### Dataset entries:
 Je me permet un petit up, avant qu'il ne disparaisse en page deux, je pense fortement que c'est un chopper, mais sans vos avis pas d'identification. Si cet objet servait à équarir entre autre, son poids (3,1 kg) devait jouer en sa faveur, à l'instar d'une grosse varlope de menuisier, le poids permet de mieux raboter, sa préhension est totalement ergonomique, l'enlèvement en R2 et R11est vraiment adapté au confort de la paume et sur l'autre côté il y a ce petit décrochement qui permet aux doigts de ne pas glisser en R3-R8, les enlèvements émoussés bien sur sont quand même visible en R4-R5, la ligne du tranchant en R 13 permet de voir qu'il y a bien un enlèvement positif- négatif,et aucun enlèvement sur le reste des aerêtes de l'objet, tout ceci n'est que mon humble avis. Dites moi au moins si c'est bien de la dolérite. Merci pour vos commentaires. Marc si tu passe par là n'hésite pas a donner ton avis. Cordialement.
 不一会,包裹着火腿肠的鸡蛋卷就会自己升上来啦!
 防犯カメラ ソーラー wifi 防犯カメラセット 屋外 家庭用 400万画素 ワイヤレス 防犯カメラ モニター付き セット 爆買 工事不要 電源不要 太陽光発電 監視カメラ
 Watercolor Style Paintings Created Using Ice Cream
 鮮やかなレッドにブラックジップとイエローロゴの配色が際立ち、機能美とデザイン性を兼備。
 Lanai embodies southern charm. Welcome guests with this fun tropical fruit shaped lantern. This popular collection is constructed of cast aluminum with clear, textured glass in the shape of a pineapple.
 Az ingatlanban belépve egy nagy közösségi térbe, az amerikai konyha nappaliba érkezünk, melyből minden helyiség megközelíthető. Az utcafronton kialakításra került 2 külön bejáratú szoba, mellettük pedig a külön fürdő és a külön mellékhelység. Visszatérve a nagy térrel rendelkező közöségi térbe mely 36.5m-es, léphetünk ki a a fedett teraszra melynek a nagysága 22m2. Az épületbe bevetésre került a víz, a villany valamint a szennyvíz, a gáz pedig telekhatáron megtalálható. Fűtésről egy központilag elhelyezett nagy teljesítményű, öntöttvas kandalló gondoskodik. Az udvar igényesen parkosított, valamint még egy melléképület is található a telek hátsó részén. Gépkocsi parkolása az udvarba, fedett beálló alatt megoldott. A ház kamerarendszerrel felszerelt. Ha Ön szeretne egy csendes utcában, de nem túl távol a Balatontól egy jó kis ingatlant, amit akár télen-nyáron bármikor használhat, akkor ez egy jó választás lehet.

### Task requirements:
The required output is every line above from the one with "鮮やかなレッドにブラックジッ" down to the one with "Lanai embodies southern", restated word for word, ends included.

### Result of this exercise:
 鮮やかなレッドにブラックジップとイエローロゴの配色が際立ち、機能美とデザイン性を兼備。
 Lanai embodies southern charm. Welcome guests with this fun tropical fruit shaped lantern. This popular collection is constructed of cast aluminum with clear, textured glass in the shape of a pineapple.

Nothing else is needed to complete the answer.